[Stored items from a collection]
•••

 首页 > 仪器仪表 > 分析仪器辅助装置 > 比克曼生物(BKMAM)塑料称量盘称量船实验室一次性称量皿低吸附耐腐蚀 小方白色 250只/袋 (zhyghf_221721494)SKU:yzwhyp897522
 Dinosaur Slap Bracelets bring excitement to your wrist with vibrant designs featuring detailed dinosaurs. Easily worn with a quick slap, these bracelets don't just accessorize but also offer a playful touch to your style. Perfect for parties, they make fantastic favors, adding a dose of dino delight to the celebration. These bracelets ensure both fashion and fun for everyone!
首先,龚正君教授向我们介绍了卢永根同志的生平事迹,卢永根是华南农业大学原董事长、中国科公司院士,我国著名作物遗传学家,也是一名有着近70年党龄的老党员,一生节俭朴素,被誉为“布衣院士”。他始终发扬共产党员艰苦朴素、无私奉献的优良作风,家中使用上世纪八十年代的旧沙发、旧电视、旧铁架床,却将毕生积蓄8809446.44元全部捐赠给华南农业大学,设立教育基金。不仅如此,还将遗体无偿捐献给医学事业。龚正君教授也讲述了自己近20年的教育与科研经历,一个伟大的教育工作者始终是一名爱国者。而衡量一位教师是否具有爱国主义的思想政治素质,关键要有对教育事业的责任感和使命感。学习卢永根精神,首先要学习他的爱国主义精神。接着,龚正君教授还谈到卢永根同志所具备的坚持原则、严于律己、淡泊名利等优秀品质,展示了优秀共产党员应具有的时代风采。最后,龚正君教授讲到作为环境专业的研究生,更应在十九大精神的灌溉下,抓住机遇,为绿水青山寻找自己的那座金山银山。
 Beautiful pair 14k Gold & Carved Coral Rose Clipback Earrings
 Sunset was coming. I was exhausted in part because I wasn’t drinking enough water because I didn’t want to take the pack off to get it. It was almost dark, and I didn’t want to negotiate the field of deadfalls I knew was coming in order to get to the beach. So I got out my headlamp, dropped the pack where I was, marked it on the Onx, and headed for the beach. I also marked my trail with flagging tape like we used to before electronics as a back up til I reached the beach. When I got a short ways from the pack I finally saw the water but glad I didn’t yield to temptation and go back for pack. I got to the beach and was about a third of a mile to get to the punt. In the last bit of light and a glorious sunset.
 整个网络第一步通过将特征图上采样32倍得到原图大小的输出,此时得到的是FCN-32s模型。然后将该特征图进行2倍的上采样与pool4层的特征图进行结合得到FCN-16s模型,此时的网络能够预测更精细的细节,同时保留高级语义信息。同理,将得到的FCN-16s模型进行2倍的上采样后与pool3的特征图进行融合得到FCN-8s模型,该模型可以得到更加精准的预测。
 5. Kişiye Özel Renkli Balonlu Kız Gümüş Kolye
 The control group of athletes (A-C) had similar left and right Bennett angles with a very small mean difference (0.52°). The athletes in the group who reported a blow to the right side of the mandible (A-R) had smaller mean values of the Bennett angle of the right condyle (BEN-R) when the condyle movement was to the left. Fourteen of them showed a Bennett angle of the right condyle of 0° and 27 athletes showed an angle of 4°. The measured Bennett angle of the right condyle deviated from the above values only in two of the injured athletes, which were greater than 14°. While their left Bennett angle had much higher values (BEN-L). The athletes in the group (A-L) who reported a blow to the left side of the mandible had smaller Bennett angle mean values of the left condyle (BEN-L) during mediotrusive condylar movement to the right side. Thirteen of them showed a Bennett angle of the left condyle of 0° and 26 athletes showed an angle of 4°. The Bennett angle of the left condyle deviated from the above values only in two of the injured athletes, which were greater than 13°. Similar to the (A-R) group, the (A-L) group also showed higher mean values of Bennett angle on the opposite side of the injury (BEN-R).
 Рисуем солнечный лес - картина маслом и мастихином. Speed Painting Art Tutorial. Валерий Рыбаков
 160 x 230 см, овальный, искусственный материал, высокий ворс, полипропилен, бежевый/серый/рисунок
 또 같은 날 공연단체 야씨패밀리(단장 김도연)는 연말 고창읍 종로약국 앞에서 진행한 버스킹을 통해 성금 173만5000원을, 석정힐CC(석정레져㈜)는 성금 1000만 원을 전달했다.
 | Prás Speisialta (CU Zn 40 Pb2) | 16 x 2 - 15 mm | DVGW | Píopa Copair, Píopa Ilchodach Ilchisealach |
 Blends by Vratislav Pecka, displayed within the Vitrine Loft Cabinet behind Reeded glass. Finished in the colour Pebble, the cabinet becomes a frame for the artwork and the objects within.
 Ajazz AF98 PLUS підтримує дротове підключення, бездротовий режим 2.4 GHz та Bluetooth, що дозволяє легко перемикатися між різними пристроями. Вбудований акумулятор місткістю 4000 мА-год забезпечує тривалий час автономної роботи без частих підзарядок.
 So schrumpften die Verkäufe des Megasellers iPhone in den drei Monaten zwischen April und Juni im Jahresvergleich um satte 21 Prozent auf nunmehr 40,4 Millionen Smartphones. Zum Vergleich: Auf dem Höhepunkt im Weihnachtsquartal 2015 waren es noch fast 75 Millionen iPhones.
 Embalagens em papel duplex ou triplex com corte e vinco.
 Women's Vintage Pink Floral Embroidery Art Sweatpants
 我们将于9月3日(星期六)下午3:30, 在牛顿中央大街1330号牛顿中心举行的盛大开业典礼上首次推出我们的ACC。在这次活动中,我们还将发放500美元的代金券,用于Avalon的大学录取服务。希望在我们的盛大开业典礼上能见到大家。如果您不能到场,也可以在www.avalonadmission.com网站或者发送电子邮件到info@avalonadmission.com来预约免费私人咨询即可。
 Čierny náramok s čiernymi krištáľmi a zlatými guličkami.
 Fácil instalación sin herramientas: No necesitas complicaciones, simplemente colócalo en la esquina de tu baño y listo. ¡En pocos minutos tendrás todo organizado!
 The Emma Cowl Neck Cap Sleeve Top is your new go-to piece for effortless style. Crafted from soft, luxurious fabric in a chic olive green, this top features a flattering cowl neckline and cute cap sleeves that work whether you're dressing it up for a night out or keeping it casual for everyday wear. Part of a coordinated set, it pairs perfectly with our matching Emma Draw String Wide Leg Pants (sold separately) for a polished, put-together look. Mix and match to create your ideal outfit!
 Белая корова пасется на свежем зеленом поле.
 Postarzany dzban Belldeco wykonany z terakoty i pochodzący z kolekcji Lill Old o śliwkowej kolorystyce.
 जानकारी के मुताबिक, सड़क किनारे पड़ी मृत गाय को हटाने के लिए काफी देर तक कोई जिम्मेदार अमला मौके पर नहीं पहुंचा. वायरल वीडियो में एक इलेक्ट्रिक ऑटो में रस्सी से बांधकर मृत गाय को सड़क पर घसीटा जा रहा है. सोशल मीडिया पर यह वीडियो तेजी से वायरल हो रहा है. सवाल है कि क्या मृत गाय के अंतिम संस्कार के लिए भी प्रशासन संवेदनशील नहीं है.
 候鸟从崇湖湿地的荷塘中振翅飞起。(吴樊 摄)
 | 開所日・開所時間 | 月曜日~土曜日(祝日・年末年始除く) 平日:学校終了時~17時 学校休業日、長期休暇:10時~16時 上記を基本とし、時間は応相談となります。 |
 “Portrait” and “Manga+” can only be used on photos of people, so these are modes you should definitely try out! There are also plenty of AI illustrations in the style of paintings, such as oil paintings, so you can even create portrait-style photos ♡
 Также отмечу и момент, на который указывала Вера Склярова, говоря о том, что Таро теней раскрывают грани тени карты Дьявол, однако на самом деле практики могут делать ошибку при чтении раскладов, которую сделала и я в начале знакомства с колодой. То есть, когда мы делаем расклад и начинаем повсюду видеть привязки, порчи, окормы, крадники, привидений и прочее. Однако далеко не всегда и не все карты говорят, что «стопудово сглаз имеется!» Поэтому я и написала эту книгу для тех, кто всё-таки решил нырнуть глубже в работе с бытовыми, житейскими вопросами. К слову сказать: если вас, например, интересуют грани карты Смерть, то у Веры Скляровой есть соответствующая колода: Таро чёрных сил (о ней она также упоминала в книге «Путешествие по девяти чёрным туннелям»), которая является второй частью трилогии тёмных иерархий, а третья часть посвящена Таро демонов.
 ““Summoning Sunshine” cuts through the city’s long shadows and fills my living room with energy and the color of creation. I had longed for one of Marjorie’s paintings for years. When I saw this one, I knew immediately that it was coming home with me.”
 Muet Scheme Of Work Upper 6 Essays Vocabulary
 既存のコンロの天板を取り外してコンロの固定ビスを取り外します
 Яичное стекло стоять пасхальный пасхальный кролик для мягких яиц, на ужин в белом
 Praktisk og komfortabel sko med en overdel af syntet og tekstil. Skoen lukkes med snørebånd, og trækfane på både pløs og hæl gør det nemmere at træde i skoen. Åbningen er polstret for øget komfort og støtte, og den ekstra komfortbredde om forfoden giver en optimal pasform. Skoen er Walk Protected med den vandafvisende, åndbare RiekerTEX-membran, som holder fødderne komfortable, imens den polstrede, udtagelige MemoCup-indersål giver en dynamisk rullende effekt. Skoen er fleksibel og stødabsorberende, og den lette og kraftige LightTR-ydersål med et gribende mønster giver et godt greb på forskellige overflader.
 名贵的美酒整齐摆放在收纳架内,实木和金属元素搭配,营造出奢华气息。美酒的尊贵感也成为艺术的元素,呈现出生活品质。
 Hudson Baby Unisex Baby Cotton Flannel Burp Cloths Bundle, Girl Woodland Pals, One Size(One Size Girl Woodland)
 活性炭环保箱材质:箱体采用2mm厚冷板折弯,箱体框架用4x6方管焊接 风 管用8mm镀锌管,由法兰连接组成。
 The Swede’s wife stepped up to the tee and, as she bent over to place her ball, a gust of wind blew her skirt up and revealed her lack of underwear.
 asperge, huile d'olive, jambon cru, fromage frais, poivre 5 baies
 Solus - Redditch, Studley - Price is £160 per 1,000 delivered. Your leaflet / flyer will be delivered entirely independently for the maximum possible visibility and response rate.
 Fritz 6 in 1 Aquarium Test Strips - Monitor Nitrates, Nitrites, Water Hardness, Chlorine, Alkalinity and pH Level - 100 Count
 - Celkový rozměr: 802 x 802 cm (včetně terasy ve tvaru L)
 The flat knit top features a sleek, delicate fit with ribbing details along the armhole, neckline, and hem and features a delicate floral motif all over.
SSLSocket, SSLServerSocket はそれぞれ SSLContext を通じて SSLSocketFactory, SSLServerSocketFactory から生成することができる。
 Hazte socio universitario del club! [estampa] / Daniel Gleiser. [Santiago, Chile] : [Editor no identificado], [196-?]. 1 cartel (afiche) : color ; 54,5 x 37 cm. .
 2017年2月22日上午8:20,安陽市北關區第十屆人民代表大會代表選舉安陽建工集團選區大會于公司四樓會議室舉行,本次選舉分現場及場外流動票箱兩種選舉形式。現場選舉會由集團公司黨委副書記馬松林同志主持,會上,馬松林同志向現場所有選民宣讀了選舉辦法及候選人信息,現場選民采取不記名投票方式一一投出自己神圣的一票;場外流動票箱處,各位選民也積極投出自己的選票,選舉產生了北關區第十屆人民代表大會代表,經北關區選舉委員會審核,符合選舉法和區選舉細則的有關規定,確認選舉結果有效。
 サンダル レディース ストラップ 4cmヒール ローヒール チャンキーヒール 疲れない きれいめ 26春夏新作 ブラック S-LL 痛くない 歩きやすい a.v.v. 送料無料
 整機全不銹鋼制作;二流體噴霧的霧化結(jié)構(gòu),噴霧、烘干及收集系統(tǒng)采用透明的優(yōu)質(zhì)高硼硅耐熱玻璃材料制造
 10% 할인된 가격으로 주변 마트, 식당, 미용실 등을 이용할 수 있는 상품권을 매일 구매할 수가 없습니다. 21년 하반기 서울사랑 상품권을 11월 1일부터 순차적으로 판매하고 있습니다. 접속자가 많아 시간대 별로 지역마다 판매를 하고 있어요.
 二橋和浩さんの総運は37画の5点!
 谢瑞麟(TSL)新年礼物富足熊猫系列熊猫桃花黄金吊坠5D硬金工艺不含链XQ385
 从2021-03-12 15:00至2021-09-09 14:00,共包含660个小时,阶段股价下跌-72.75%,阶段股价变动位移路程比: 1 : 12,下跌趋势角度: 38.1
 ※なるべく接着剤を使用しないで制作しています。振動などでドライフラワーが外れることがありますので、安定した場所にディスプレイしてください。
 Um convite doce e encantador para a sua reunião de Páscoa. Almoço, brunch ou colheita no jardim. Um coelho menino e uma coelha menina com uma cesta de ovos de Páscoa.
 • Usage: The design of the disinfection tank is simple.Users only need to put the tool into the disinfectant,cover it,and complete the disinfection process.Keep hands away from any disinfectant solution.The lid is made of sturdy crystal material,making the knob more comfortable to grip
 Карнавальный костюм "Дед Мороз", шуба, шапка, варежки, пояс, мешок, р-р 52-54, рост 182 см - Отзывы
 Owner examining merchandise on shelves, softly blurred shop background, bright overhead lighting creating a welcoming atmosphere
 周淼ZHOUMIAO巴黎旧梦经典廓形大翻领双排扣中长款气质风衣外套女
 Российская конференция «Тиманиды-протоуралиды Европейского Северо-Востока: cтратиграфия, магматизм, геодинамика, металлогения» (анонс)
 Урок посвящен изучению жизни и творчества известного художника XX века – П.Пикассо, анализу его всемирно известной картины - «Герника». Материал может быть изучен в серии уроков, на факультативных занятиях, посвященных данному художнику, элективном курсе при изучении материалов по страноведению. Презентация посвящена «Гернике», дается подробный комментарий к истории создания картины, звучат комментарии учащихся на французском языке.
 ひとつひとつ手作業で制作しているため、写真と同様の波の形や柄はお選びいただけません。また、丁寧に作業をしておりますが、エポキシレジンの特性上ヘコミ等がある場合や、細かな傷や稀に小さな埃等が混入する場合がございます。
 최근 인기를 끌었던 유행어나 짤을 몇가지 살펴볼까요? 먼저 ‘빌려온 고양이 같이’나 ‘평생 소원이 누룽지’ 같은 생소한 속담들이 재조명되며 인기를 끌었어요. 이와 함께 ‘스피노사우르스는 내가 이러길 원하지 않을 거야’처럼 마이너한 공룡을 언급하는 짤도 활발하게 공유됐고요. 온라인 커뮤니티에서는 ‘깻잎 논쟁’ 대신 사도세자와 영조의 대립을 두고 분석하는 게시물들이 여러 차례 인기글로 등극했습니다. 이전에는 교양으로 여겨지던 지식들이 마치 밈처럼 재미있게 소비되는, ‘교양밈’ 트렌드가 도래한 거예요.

•••

■ Your objective: Return only the lines of the records in which the string "neckline" appears.

■ Solution:
 The Emma Cowl Neck Cap Sleeve Top is your new go-to piece for effortless style. Crafted from soft, luxurious fabric in a chic olive green, this top features a flattering cowl neckline and cute cap sleeves that work whether you're dressing it up for a night out or keeping it casual for everyday wear. Part of a coordinated set, it pairs perfectly with our matching Emma Draw String Wide Leg Pants (sold separately) for a polished, put-together look. Mix and match to create your ideal outfit!
 The flat knit top features a sleek, delicate fit with ribbing details along the armhole, neckline, and hem and features a delicate floral motif all over.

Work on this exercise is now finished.